* Honório de Medeiros
E-mails para honoriodemedeiros@gmail.com
Imagine que você precise de uma segunda
via do documento do seu carro.
E dirige-se ao Órgão apropriado para
tirá-lo.
Em lá chegando recebe uma ficha que
indica sua vez de ser atendido.
Pelo número da ficha você percebe que
não adiantou chegar cedo.
Seu atendimento, se acontecer,
ocorrerá no final da manhã, começo da tarde, e olhe lá.
No dia seguinte, comentando o
episódio com um amigo, escuta dele: "mas por que você não pagou um
despachante para fazer isso?" "Ele resolveria tudo na mesma hora e
lhe entregaria a segunda via em casa." "Você não teria incômodo algum".
O despachante é aquela figura
nebulosa que abre todas as portas, em qualquer momento, das repartições
públicas, providenciando, nelas, soluções para quem não quer se submeter a
filas e tem dinheiro suficiente para contratá-lo.

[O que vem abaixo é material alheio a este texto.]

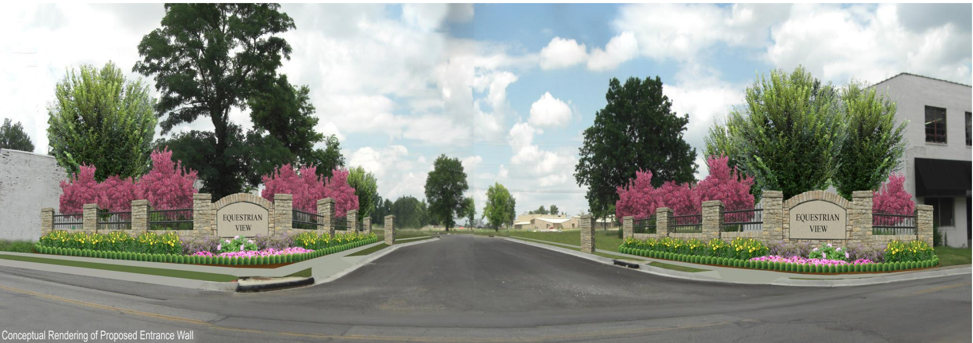
Conceptual Rendering of Proposed Entrance Wall

A questão é a seguinte: e quanto aos
que não têm dinheiro para contratar um despachante?
E quanto aos que acordaram cedo,
pegaram a fila, esperaram, mas são ultrapassados, às vezes sem saber, pelas
artes e ofícios de quem abre, na hora que deseja, todas as portas?
Como se percebe facilmente trata-se
de uma questão cujo cerne é constituído por moral e dinheiro.
Moral, aqui, para além de como deve
agir o Estado que, conforme a Constituição Federal deve, por intermédio de seus
servidores, agir com absoluto respeito à igualdade entre os cidadãos.
É esse o tema do livro de Michel J.
Sandel, "O Que O Dinheiro Não Compra", professor em Harvard,
professor-visitante na Sorbonne.
Sandel ficou midiático desde que seu
curso "Justice", no qual interagia com seus alunos lhes propondo
questões de natureza moral, apareceu na internet e ganhou o mundo.
Em 2010 a edição chinesa do
"Newsweek" o considerou a personalidade estrangeira mais influente no
País.
Sandel elenca muitos exemplos de
"coisas" que hoje estão à venda, graças à onipresença e influência do
mercado. Trocando em miúdos: graças ao afã do lucro.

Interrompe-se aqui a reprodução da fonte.